--- Dataset excerpt ---

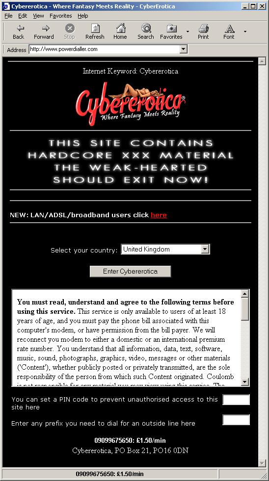 The AdultBrowser dialer family connects users to a pornography website via a premium-rate telephone number.Upon execution, it displays a HTML user interface in the web browser. An example of the HTML user interface is as follows:
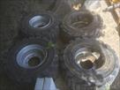 4 pneus + jantes pour chargeuse sur pneus Les jantes sont endommagées Les pneus sont pleins de caoutchouc Taille 33x15,50 - 16,5 NHS
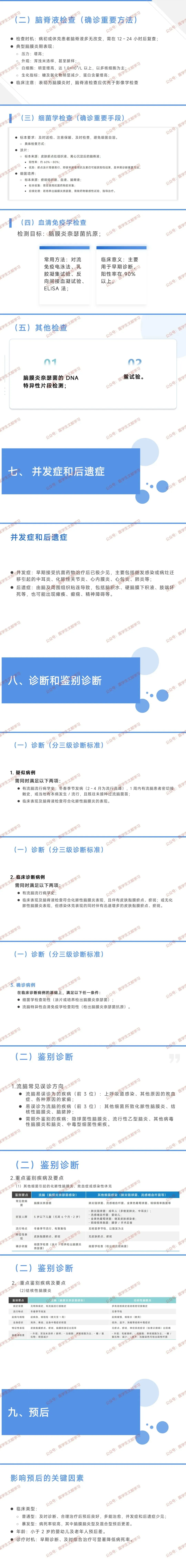 - 鉴别:与其他细菌性脑膜炎(无瘀点,致病菌不同)、结核性脑膜炎(慢起,脑脊液毛玻璃样)等区分。
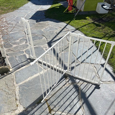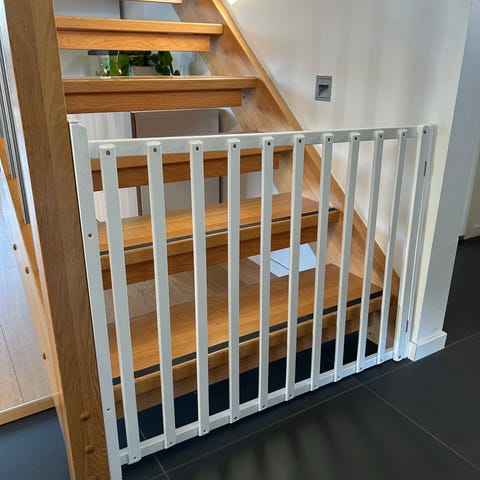 IKEA trappgrind som monteras utan borrning, färg vit. Passar för att säkra trappor och avgränsa områden för barn.

---

● Exercise prompt: Beginning with the line containing "4 pneus + jantes" and ending with the last line of the listing above, output those lines exactly as written, without pictures.

● Answer section:
 4 pneus + jantes pour chargeuse sur pneus Les jantes sont endommagées Les pneus sont pleins de caoutchouc Taille 33x15,50 - 16,5 NHS
 - 鉴别:与其他细菌性脑膜炎(无瘀点,致病菌不同)、结核性脑膜炎(慢起,脑脊液毛玻璃样)等区分。
 IKEA trappgrind som monteras utan borrning, färg vit. Passar för att säkra trappor och avgränsa områden för barn.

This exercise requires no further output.